Ich freue mich sehr über Antworten 
Alex


----------



## Xibit1990 (14. Mai 2012)

*AW: Gaming-Monitor 24 Zoll für 200 EUR?*

DEN hier
kostet bisschen mehr als 200 (222€) , aber eignet sich perfekt für gaming und sonstige anwedungen, da IPS-Technologie verbaut ist


----------



## Ryle (14. Mai 2012)

*AW: Gaming-Monitor 24 Zoll für 200 EUR?*

Boah, die Frage gabs ja noch nie...
Ich will mir morgen auch einen neuen bestellen und mach dann nen neuen Thread dazu auf und nenne ihn "Suche Gamingmonitor bis 200,99€". Painkiller rennt sicher schreiend im Kreis vor Freude weil er dann zum gefühlt 10²³²² mal die selben Monitore verlinken kann !


----------



## Blackjack89 (15. Mai 2012)

superseijayin schrieb:
			
		

> Boah, die Frage gabs ja noch nie...
> Ich will mir morgen auch einen neuen bestellen und mach dann nen neuen Thread dazu auf und nenne ihn "Suche Gamingmonitor bis 200,99€". Painkiller rennt sicher schreiend im Kreis vor Freude weil er dann zum gefühlt 10²³²² mal die selben Monitore verlinken kann !

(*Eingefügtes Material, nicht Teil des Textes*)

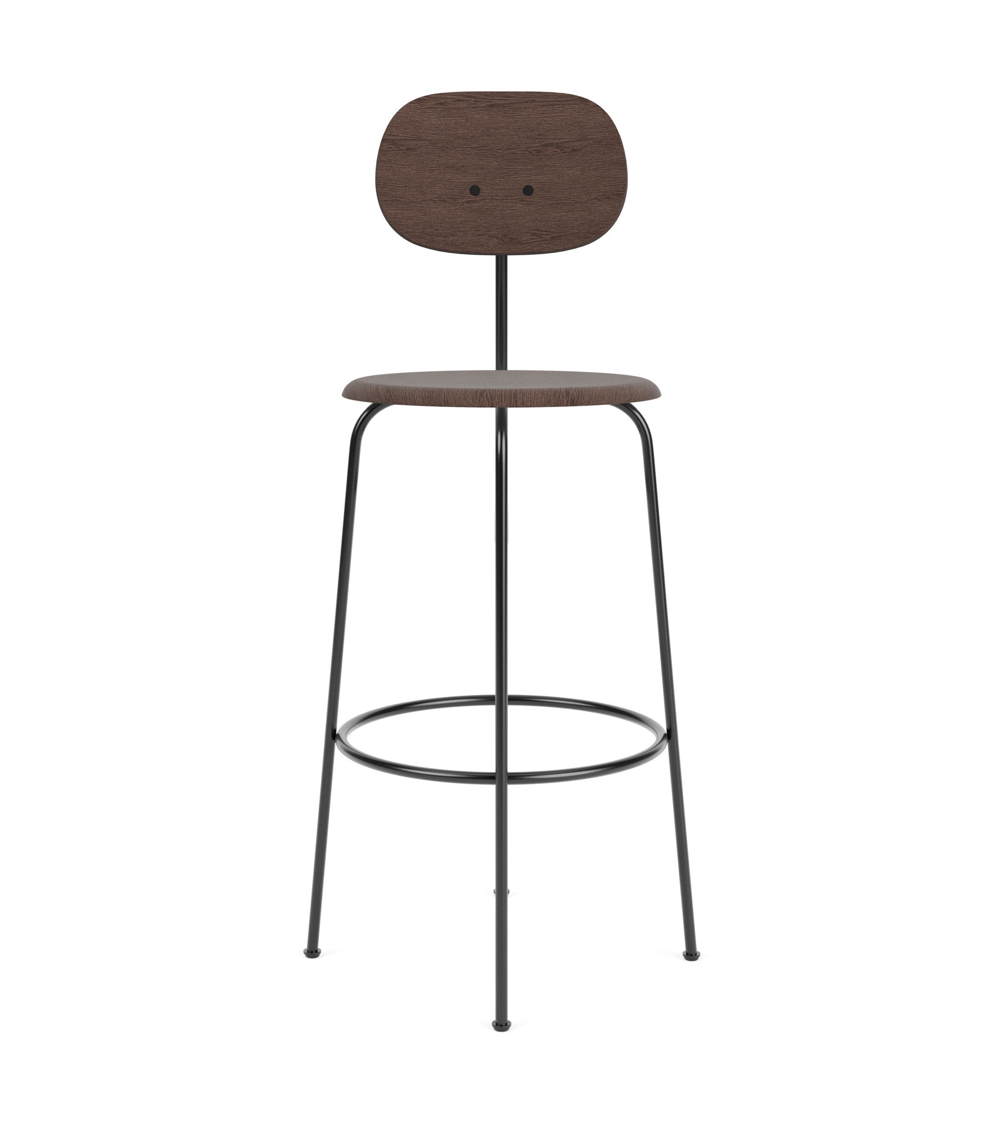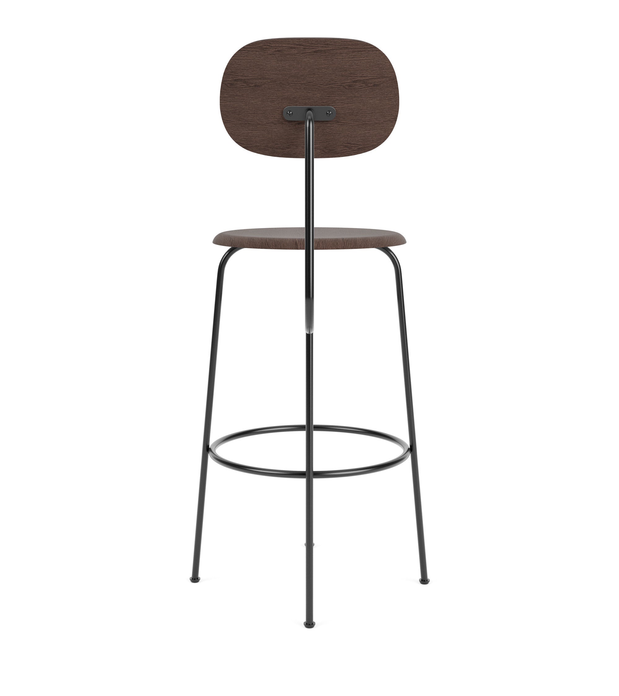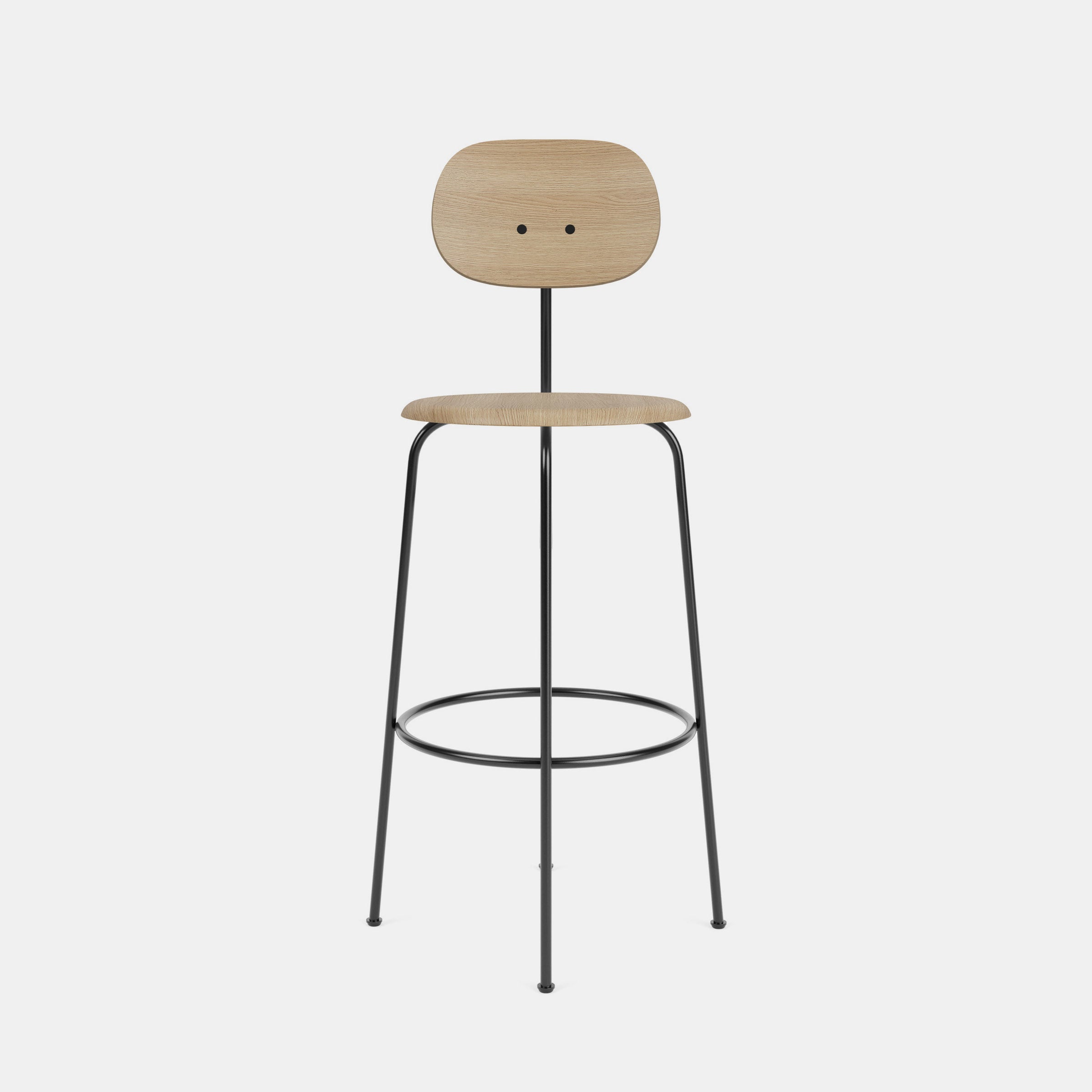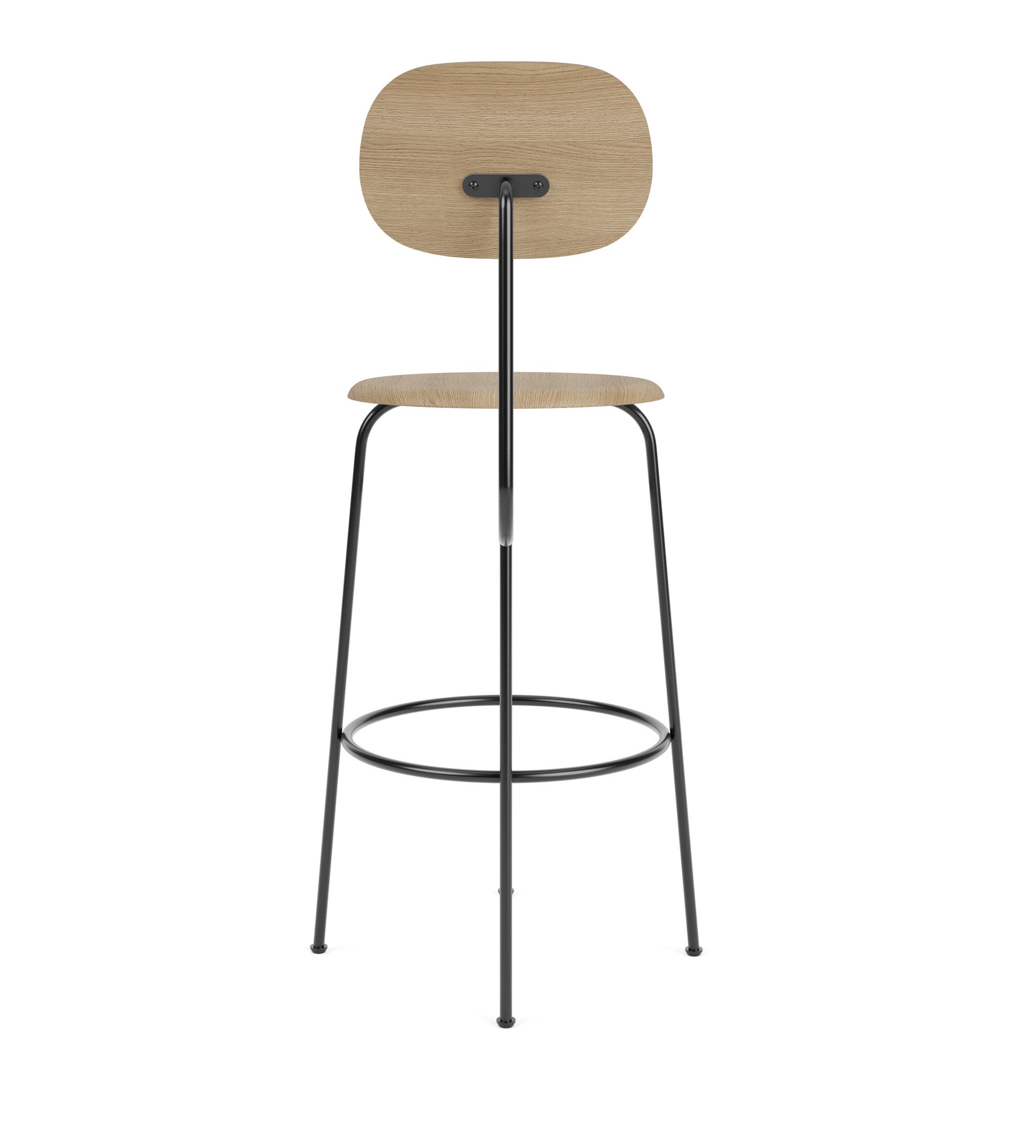 En hyllest til funksjonalisme, Afteroom barstol pluss er et dekonstruert design, strippet for unødvendige komponenter for å presentere en ren, minimalistisk estetikk med høy funksjonell verdi. Den brede ryggstøtten og det generøse setet i trefiner sørger for enestående sittekomfort, mens den slanke pulverlakkerte metallrammen er konstruert for maksimal stabilitet med en fotring som fungerer som hvile for føttene. Resultatet er en lekker enkel stol som omfavner minimalisme og rene linjer uten å gå på kompromiss med komforten.
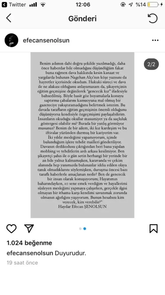 Dava öncesi oyuncu Efecan Şenolsun sosyal medya üzerinden bir açıklama yaptı. Şenolsun açıklamasında, "Duruşma öncesi kamuoyunu aldatmaya, mahkemeyi etkilemeye yönelik yalan beyanlara dayalı tek taraflı haber ve yorumlar yapıldığını görüp daha fazla sessiz kalmama kararı aldım. Bu kadın erkek tarafı olacak bir duruşma değil. İki samimi çalışma arkadaşının tartışmalarının sonradan çarptırılarak yargıya taşınmasıdır. Söz konusu davada bizim tarafımızdan 11 kişi görgü tanığı olarak dinletilmiş, hepsi sette iddia konusu olayı görmediğini söylemiştir. Ben de gencecik bir insan olarak konuşuyorum. Hayatımın baharındayken 10 sene emek verdiğim ve hayallerimi süsleyen mesleğimi yapmaya çalışırken gerçekle ilgisi olmayan bir ithama karşı kendimi savunmak zorunda olmanın ağırlığını yaşıyorum. Bunun hesabını kim verecek?"
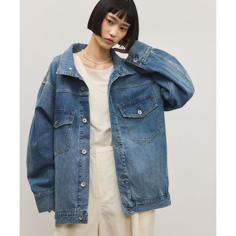 顔まわりが華やかなスタンドネックのデニムジャケット。
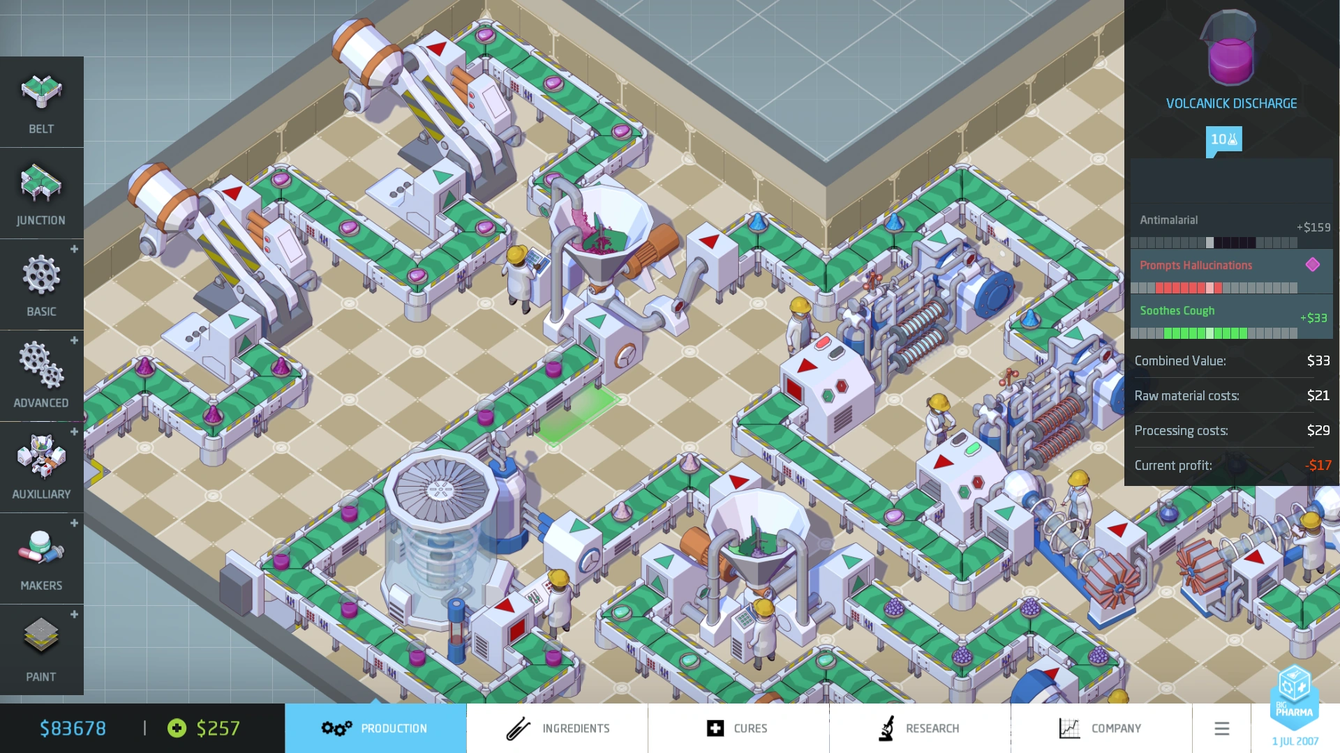 From humble beginnings with a few rusty reconditioned Machines, you can progress from knocking out cheap generic treatments for minor ailments, to discovering new active ingredients and hi-tech machines to help refine the next generation of world-changing drugs. But watch out, you’re not alone out there. Rival Corporations that want to put you out of business have their own set of competing cures and treatments. Then there’s the dynamically shifting marketplace which means that your fancy cold and flu medicine from last winter might not sell so well now it’s the height of summer. Where did I put my anti-wrinkle sun cream?
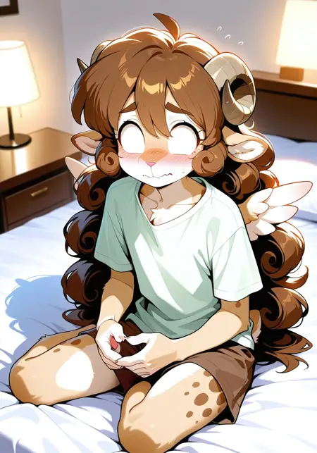 主要标签: ram, 灰色卷曲角,米色皮肤,米色毛发,卷发,棕色卷发,小天使翅膀,空洞眼睛,白色空洞眼睛,长发,矮小,身高短
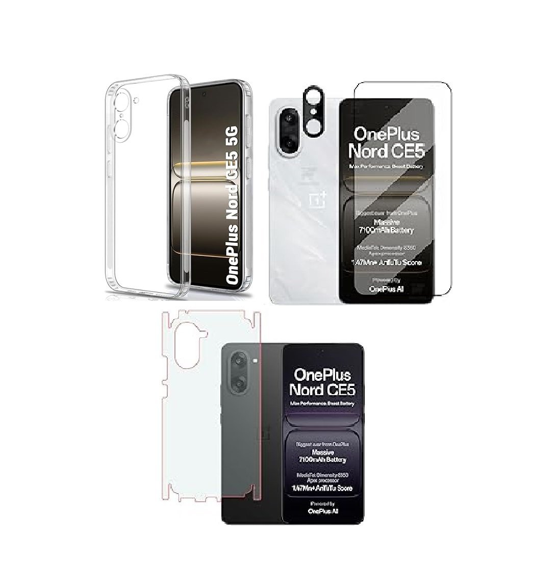 4 in 1 Combo Pack for OnePlus Nord CE 5 5G –Transparent (Back Cover + Camera Lens Protector + Tempered Glass + Unbreakable Film)
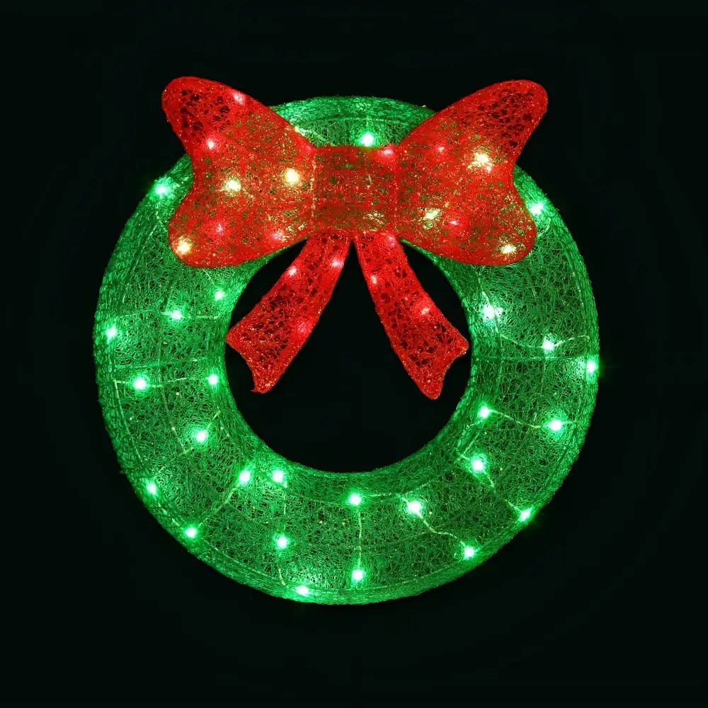 60cm Green LED Motif Solar Wreath Christmas Decorations

Vielleicht macht er das ja wirklich gerne


----------



## Painkiller (22. Mai 2012)

*AW: Gaming-Monitor 24 Zoll für 200 EUR?*



Blackjack89 schrieb:


> Vielleicht macht er das ja wirklich gerne


 Eigentlich macht mir die Arbeit im Forum schon Spaß, aber manchmal schadet es sicher nicht, wenn man sich hier mal etwas genauer umschaut.  

@ TE

Hier die üblichen Empfehlungen:
Dell UltraSharp U2312HM schwarz, 23" | Geizhals.at Deutschland
ASUS VS248H, 24" (90LME3101Q00041C) | Geizhals.at Deutschland
iiyama ProLite E2475HDS, 23.6" | Geizhals.at Deutschland


----------